Roosevelt s’est mis à ouvrir lentement la bouche. (…)…) sa bouche s’est un peu tordue, il écrasait un bâillement. Plus je précisais les attentes des Juifs du ghetto de Varsovie, et par conséquent de tous les ghettos d’Europe, et de tous les Juifs en train d’être exterminés, plus Roosevelt écrasait des bâillements. Chaque fois qu’il ouvrait la bouche, je me préparais à entendre une parole (…) - mais non, encore un bâillement. (Haenel, 2009 : 125)

Dans ce portrait, la bouche de Roosevelt devient la parodie d’une bouche d’oracle, dont Haenel se fait l’interprète via le personnage de Karski. L’auteur a d’ailleurs utilisé le même processus au début du roman, pour accentuer l’effet de réel de son résumé de l’interview de Karski. Il déclarait :

La bouche de Jan Karski grimace… » (Haenel, 2009 : 15) ; « Sa bouche parle » (Haenel, 2009 : 16) ; « …il se met à transmettre les paroles des deux hommes, comme si c’était eux qui parlaient par sa bouche. » (Haenel, 2009 : 17) « … des paroles (...) prononcées par Jan Karski comme elles sont sorties de la bouche des deux hommes au milieu de l’année 1942, prononcées au présent, directement… (Haenel, 2009 :18)

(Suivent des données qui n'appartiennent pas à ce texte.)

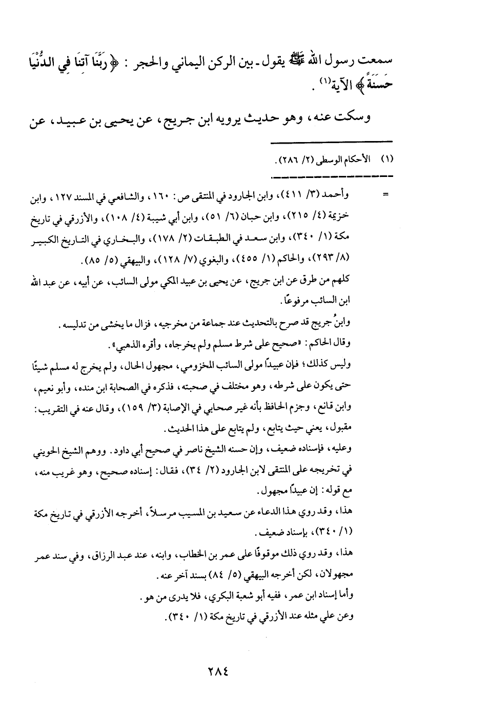 سَمِعت رَسُول الله - صَلَّى اللَّهُ عَلَيْهِ وَسَلَّم َ - يَقُول - بَين الرُّكْن الْيَمَانِيّ وَالْحجر: {رَبنَا آتنا فِي الدُّنْيَا حَسَنَة} الْآيَة.
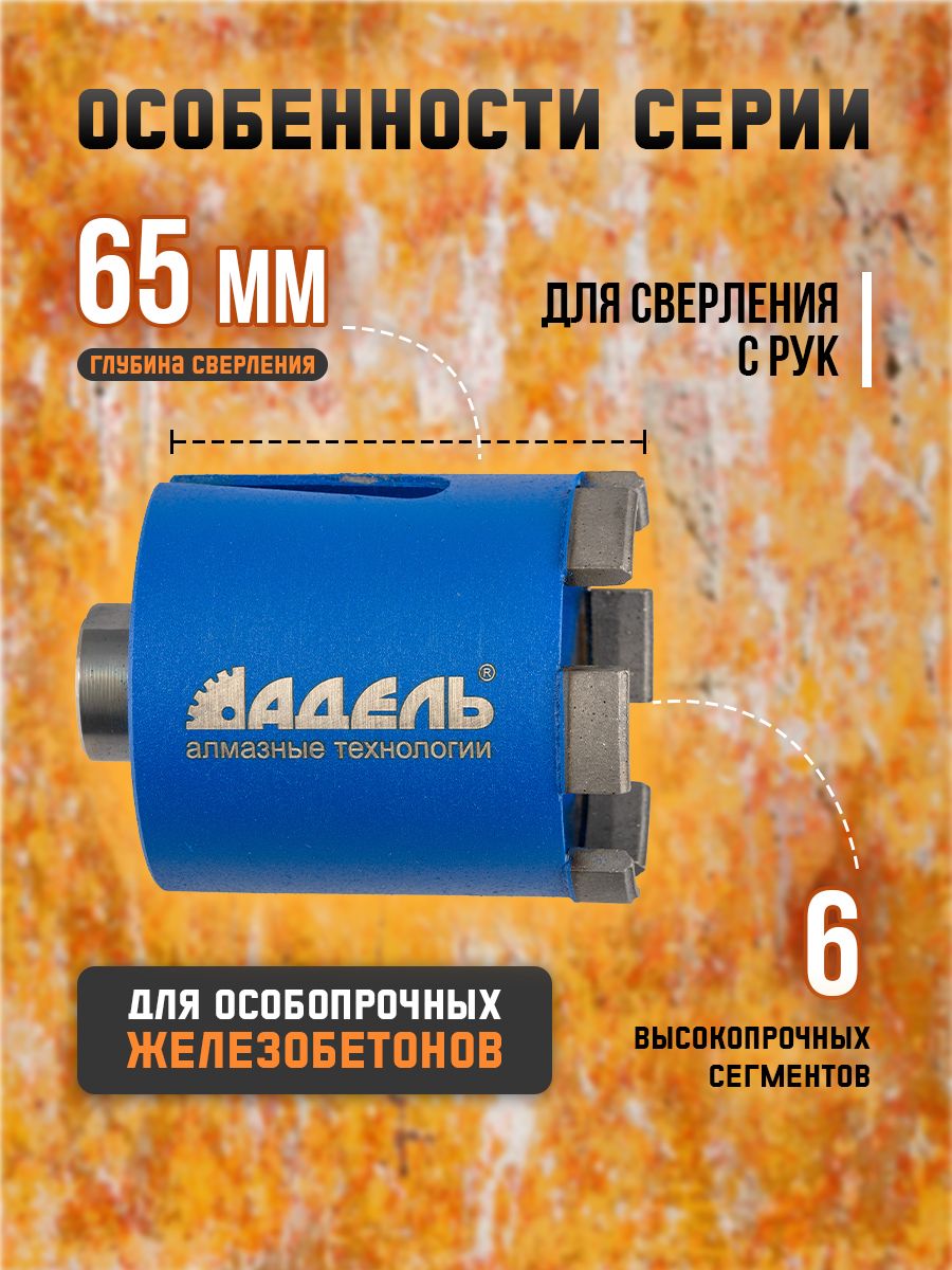 Коронка позволяет проделывать отверстия глубиной до 65 мм.

La bouche de Karski, comme celle de Roosevelt, se tord pour laisser passer des sons autres que des paroles :

… Jan Karski grimace, sa bouche se tord … » (Haenel, 2009 : 30) ; « …il mime les bruits, et les reproduit, maladroitement, avec sa bouche. » (Haenel, 2009 : 31). Haenel donne à voir un Karski hanté par ce qu’il décrit, et le fige lui aussi dans une pose grotesque, où le corps est réduit à une bouche d’où provient l’innommable : «… il prend une pose de stupeur, bouche ouverte, yeux écarquillés. » (Haenel, 2009 : 33) ; « Un tic nerveux apparaît au coin de sa bouche. (Haenel, 2009 : 34)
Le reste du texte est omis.